UNITED STATES ex rel. Franklin E. ATKINSON, Petitioner,
Colonel William J. E. KISH, Commandant, Branch United States Disciplinary Barracks, New Cumberland, Pennsylvania, Respondent

The opinion of the court was delivered by: FOLLMER

This is an application for a writ of habeas corpus by Franklin E. Atkinson, a prisoner serving a sentence by a general court-martial. Petitioner contends:

(a) that the court-martial lacked jurisdiction over the offense of larceny, for which he was convicted, since it was committed prior to his discharge and reenlistment on May 22, 1956;

 (b) that he was denied the effective assistance of counsel because his counsel failed to place evidence on the German law of liens before the court-martial.

 The record of the court-martial was introduced into evidence.

 The facts on which the parties are in substantial agreement are as follows: petitioner initially enlisted in the United States Army on October 4, 1948, and served therein for three years until his discharge therefrom in the grade of Private First Class on October 3, 1951. He reenlisted in the Regular Army on the following day, October 4, 1951, in the grade of Corporal for a period of six years. This six year enlistment would not normally have expired until October 3, 1957. The petitioner while still serving in this enlistment with the United States Army in Straubing, Germany, applied for immediate reenlistment in the Regular Army for another six year period under the provisions of Army Regulations 635-205, Department of the Army, dated April 2, 1956. *fn1" Pursuant to his application and in accordance with the above-cited Army Regulations, petitioner was discharged for the convenience of the Government on May 21, 1956 and immediately reenlisted the following day, May 22, 1956, for a period of six years service.

 Respondent claims that in compliance with the said Army Regulations the discharge certificate was not delivered to petitioner until the oath was administered and the reenlistment thereby effected on May 22, 1956. Petitioner claims that he received his honorable discharge certificate on May 21, 1956.

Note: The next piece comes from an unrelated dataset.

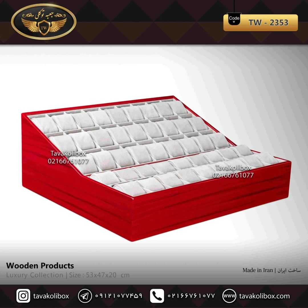 این استند ساعت با ظرفیت فوقالعاده 45 خانه، راهحلی ایدهآل برای کلکسیونرهای بزرگ است تا تمامی ساعتهای خود را به شیوهای باشکوه و منظم به نمایش بگذارند. هر خانه با بالشتکهای لوکس و نرم، محافظتی بینظیر را برای ساعتهای شما فراهم میکند. رنگ قرمز جذاب این استند، جلوهای از شور و هیجان را به نمایش ساعتهای شما اضافه میکند. مدل TW-2353، ترکیبی از کارایی، زیبایی و لوکس بودن برای یک کلکسیون وسیع است

 While serving in his last enlistment, as aforesaid, in the grade of Sergeant, petitioner was arraigned before a general court-martial convened at Munich, Germany, on July 10, 1957, on offenses of larceny of $ 975, in military payment certificate, the property of Sergeant Warren M. Sager, in violation of Article 121, Uniform Code of Military Justice (Act of May 5, 1950, 81st Congress, c. 169, § 1, 64 Stat. 108, 50 U.S.C. (Chap. 22) §§ 551-736, 1952 Edition); *fn2" dishonorable failure to pay a debt in the amount of $ 465, owed to Courtland Corporation, Tangiers, North Africa, in violation of Article 134, Uniform Code of Military Justice (10 U.S.C. 934), and two offenses of making false official statements, with intent to deceive, in violation of Article 107, Uniform Code of Military Justice (10 U.S.C. 907). The larceny offense was alleged to have been committed on May 2, 1955, which date was prior to his discharge and reenlistment on May 22, 1956. At the outset of the trial and prior to arraignment petitioner introduced a civilian attorney with offices in the City of Munich, Germany, *fn3" and another attorney serving as an enlisted man in the Army and requested that they defend him before the court-martial in lieu of the regularly appointed military defense counsel. Accordingly, pursuant to petitioner's request the regularly appointed military defense counsel was excused from further participation in the trial and the attorneys of his own choice, each of whom possessed the legal qualifications listed in Article 27(b), Uniform Code of Military Justice (10 U.S.C. § 827(b)), represented him throughout the trial. *fn4" At the arraignment petitioner pleaded not guilty to all the charges. On July 12, 1957, the general court-martial found petitioner guilty of all offenses charged and sentenced him to be dishonorably discharged from the services, forfeiture of all pay and allowances, and confinement at hard labor for five years. *fn5"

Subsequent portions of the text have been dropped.